Some 80,000 Iraqi Kurds have lost their jobs because of recent currency volatility in a region that could play a key part in U.S. plans to oust Iraqi President Saddam Hussein, local officials said on Monday.

Currency worries are adding to other causes of uncertainty in northern Iraq, a mountainous breakaway enclave facing turmoil if the United States takes military action against Iraq, which it accuses of developing weapons of mass destruction.

Northern Iraq has been outside Baghdad's control since local Kurdish groups broke away after the 1991 Gulf War. The region, protected from Iraqi attack by U.S. and British air patrols operating from Turkey, uses old Iraqi dinar banknotes printed in Switzerland.

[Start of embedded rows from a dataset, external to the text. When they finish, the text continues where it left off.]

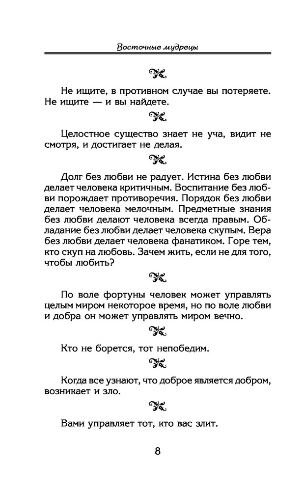 Все лучшие афоризмы и цитаты Восточных мудрецовВ данный момент этот товар отсутствует в продаже. Возможно, у нас найдется аналогичный или похожий товар здесь. Серия: Золотая коллекция афоризмов и цитат В этой книге собраны самые лучшие афоризмы, притчи и цитаты восточных мудрецов! Наслаждайтесь восточным остроумием, логикой, образованностью. Станьте на время послушным учеником, внимающим многомудрым Учителям. И, может быть, прислушавшись к их словам, вы сами найдите ответы на все волнующие вас вопросы. И превзойдете восточных наставников, став настоящим Мудрецом. |
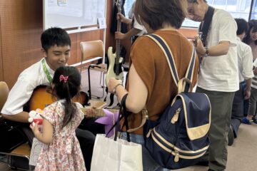 後半は、高校生バンドの皆さんが演奏と楽器のふれあい体験。はじめはおそるおそるの子どもたちも、徐々に積極的に楽器に触るようになり、目がキラキラしていました!
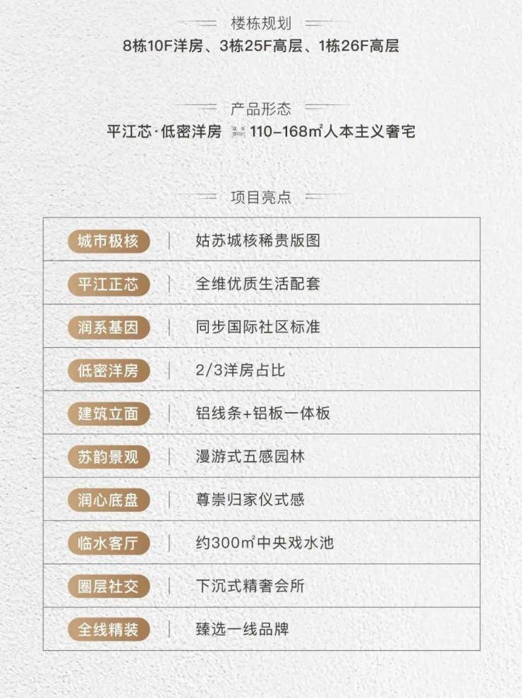 择址平江新城,姑苏新中心,润宸借鉴国际社区设计理念,规划12栋住宅,其中8栋约168㎡低密洋房、4栋约110㎡/144㎡光幕高层,凭借润系高阶作品对国际新锐生活的理解,以镜面美学立面、苏韵园林景观、万象服务产品服务力、润心会所文化、匠心精装产品,打造与平江共赴新的国际轻奢改善住区

A different set of banknotes is in use in the rest of Iraq. No new Swiss Iraqi dinars have been printed for years and local officials say the well-used notes are falling apart.

"Most of them are stuck together with tape or staples," Safeen Dizayee, the Turkish representative of the Kurdistan Democratic Party, one of two groups that run the enclave, told Reuters on Monday.

As the bills fall apart, the supply of Swiss Iraqi dinars falls, pushing up the unit's value against the dollar, he said.

"The dollar has dropped from a high of 18 Swiss Iraqi dinars a few months ago to a low of less than 13 Swiss Iraqi dinars this week," the Kurdistan Regional Government, a fragile umbrella uniting the two main parties, said on its website.

Dizayee said that reports of large purchases of Swiss Iraqi dinars and an influx of hard currencies from United Nations projects and from Kurds living in Europe had also contributed to the stronger exchange rate.

The Kurdistan Regional Government said local building contractors who carry out U.N.-sponsored infrastructure projects had been forced to stop work because of the strength of the local currency.

The contractors are paid in dollars by the United Nations and could no longer afford to pay their employees in Swiss Iraqi dinars after the exchange rate shift, it said.

As a result more than 80,000 Kurds have lost their jobs in a region holding an estimated 3.5 million people.

The jump in unemployment has added to the problems caused by Turkey's decision earlier this year to cut off a trade in diesel fuel across the border between Turkey and northern Iraq which was a significant source of income for the region.